[ClusterLabs] Antw: Re: Antw: [EXT] delaying start of a resource

Thu Dec 17 13:30:14 EST 2020

On Thu, 2020-12-17 at 19:13 +0300, Andrei Borzenkov wrote:
> 17.12.2020 14:02, Ulrich Windl пишет:
> > > > > Andrei Borzenkov <arvidjaar at gmail.com> schrieb am 17.12.2020
> > > > > um 09:50 in
> > 
> > Nachricht
> > <CAA91j0VUv4nMtEtCPQNiMF-XrRv_9KqkCnPvmAn4XBoNBQpGTA at mail.gmail.com
> > >:
> > 
> > ...
> > > According to logs from xstha1, it started to activate resources
> > > only
> > > after stonith was confirmed
> > > 
> > > Dec 16 15:08:12 [708] stonith‑ng:   notice: log_operation:
> > > Operation 'off' [1273] (call 4 from crmd.712) for host 'xstha2'
> > > with
> > > device 'xstha2‑stonith' returned: 0 (OK)
> > > Dec 16 15:08:12 [708] stonith‑ng:   notice: remote_op_done:
> > > Operation 'off' targeting xstha2 on xstha1 for
> > > crmd.712 at xstha1.e487e7cc: OK
> > > 
> > > It is possible that your IPMI/BMC/whatever implementation
> > > responds
> > > with success before it actually completes this action. I have
> > > seen at
> > 
> > Shouldn't a reasonable "stonith-timeout=180" do? 
> 
> This is maximum time to wait for successful stonith. In this case
> stonith *was* successful - at least from the pacemaker point of view.
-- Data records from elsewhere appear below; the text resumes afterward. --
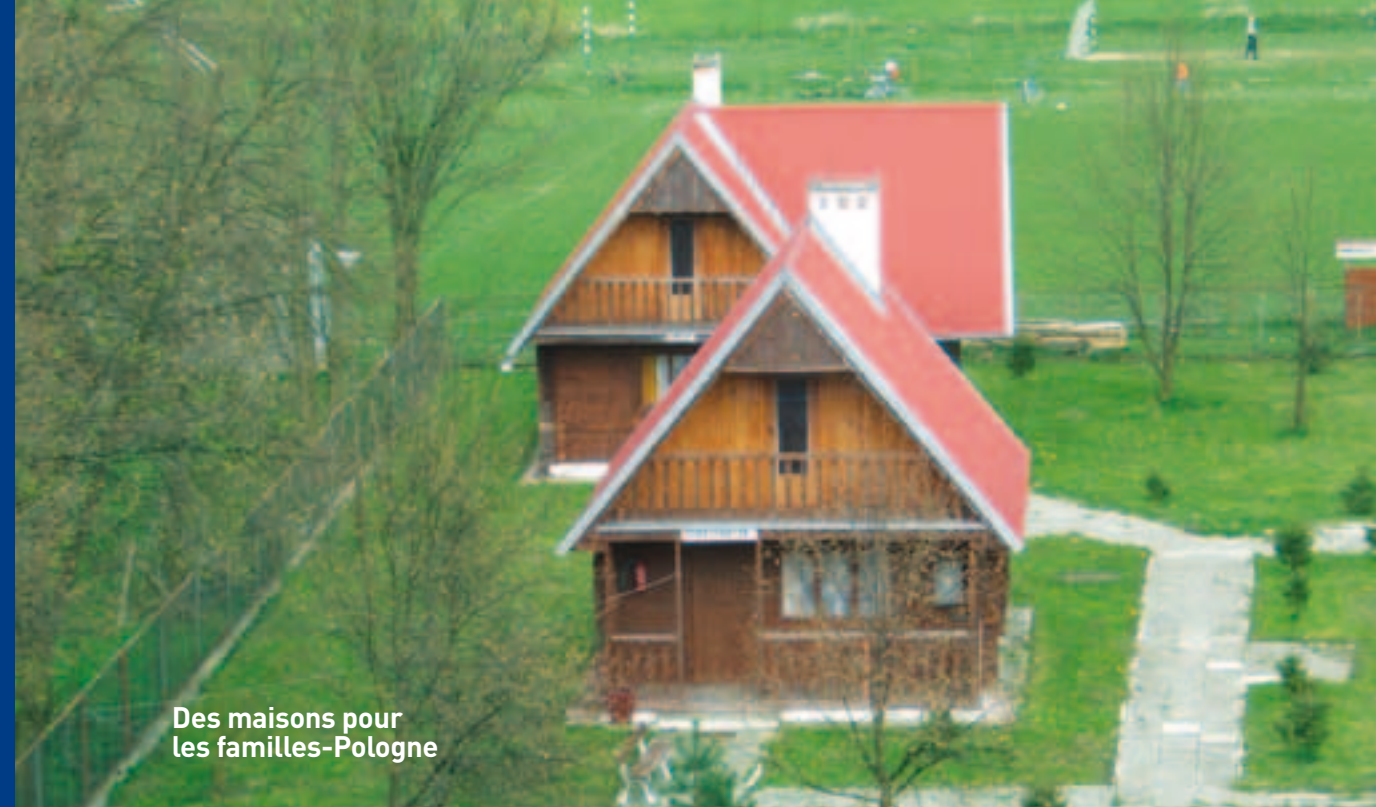
Des maisons pour les familles-Pologne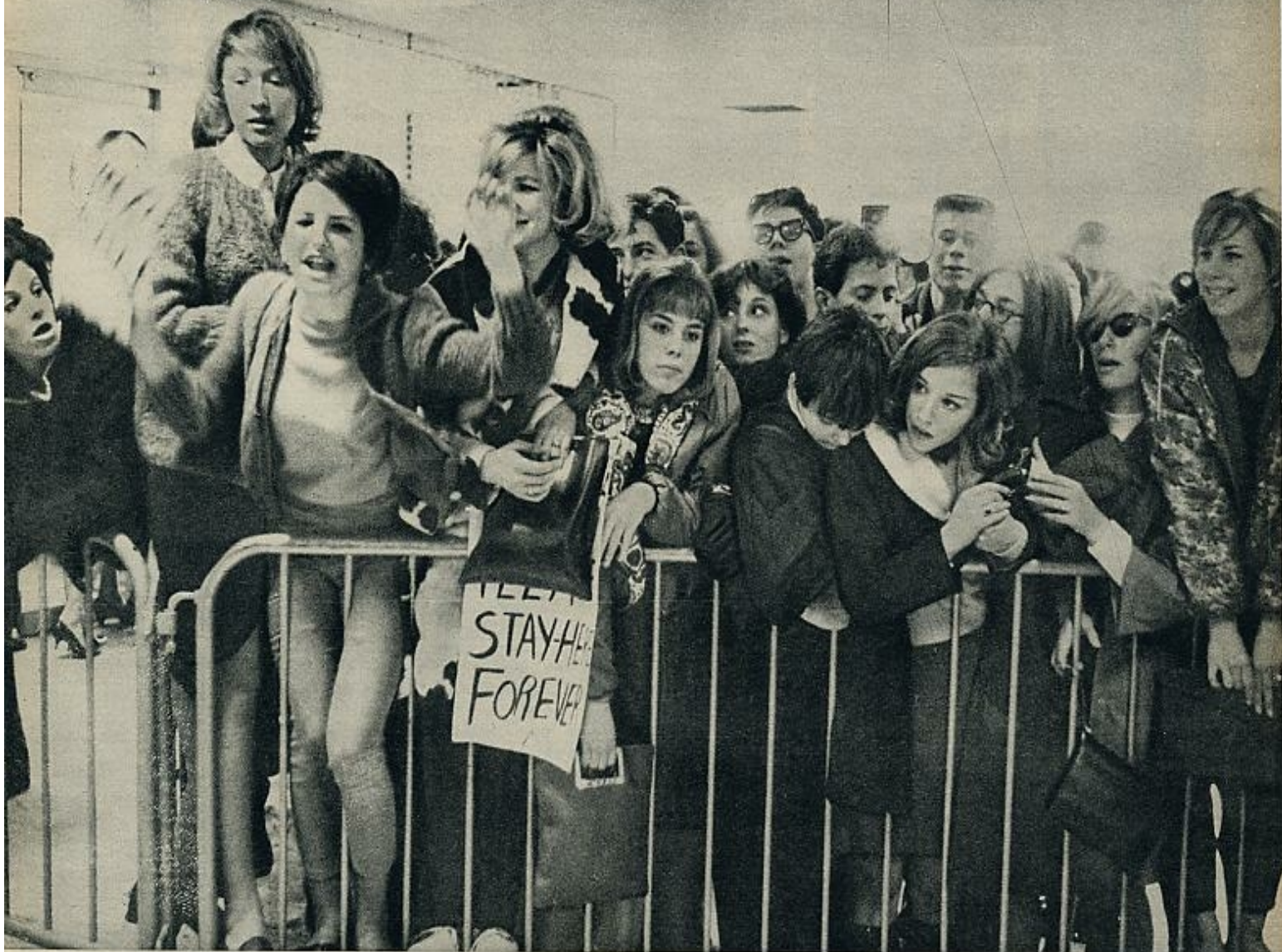
las verdaderas estrellas. Con un tinglado publicitario muy bien montado, los «Beatles» han conseguido atraer la atención de millones de aficionados en todo el mundo.

les» y los jerseys con las efigies de los cuatro muchachos. Evidentemente, con esta venta masiva de pelucas y jerseys, aparte de obtener unos saneados ingresos suplementarios, han puesto en pie un concepto de la publicidad muy vivo y de indudable eficacia sobre el público.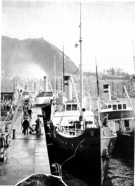
Im Hafen von Ålesund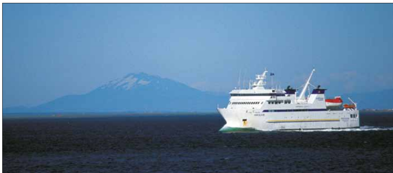
Hekla og ms. Herjólfur. Í þessu blaði er auglýst útboð á rekstri Vestmannaeyjaferjunnar árin 2012-2014.

Ekki hefur verið skrifað undir neina samninga frá því síðasta tölublað kom út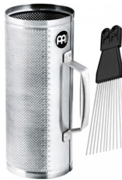
Slika 27. Guira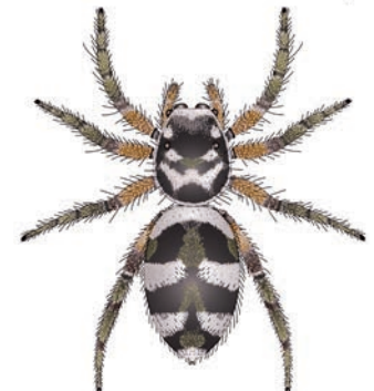
Huiszebraspinn Salticus scenicus Op muren. Vanaf voorjaar te zien op door de zon beschenen muren. Jaagt actief naar prooien die besprongen worden. Maakt geen web. Bij slecht weer en 's nachts verscholen in holtes en kieren. Lijkt op de boomzebraspinn ( S. cingulatus ) en schorszebraspinn ( S. zebraeus ). 5-7 mm.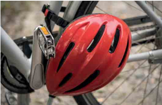
Das Tragen eines Fahrradhelms bietet Radlern den bestmöglichen Schutz.

Fast jeder zweite Fahrradfahrer in Deutschland achtet auf die persönliche Sicherheit und trägt immer (36 Prozent) oder meistens (13 Prozent) einen Helm. Heißt aber auch: Rund die Hälfte der Radfahrer trägt nie (39 Prozent) oder nur selten (zwölf Prozent) einen Fahrradhelm. Dabei ist bei einem Viertel aller Fahrradunfälle der Kopf betroffen. Fachleute empfehlen ausdrücklich das Tragen eines Helms. Die Helme werden auf verschiedene Qualitätsstandards geprüft. Neben der sicheren Bauart werden auch Grenzwerte von Weichmachern in den Kunststoffen getestet. Die Stabilität der Helme wird durch das Durchhaltevermögen bei einem Aufprall überprüft. Ein Kinderhelm muss beispielsweise einen Sturz aus 1,50 Metern aushalten. Vielen Verbrauchern ist nicht bewusst, dass Helme ihre Schutzwirkung nach einem Sturz oder längerer Gebrauchszeit verlieren. Hierauf kommt es beim Kauf an: Da Helme in verschiedenen Größen erworben werden können, sollte vor dem Kauf der Kopfum-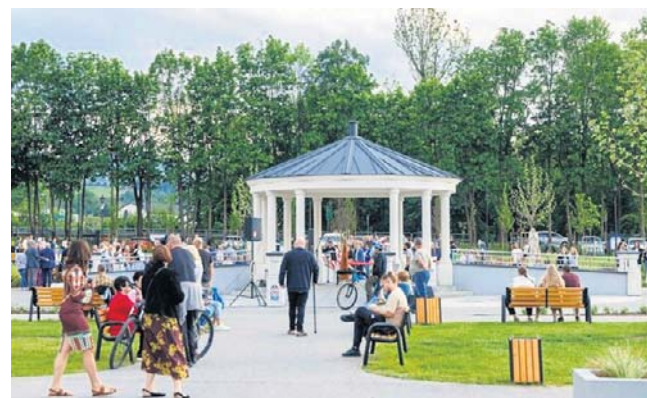
Otwarcie Centrum Aktywności i Wypoczynku w Nawojowej. Uwagę zwraca centralnie usytuowana glorieta

- Centrum Aktywności i Wypoczynku w Nawojowej jest przykładem inwestycji, która podnosi jakość życia mieszkań-

This reminded me that some IPMI implementations return "success" for
commands before they've actually been completed. This is why
fence_ipmilan has a "power_wait" parameter that defaults to 2 seconds.

The best thing would be to do some manual testing using ipmitool or
whatnot to turn off the power, and observe how long it takes between
when the command returns and the server actually is powered down. Then
set power_wait to a comfortable margin above that. Or just keep raising
power_wait until the problem goes away :)
-- 
Ken Gaillot <kgaillot at redhat.com>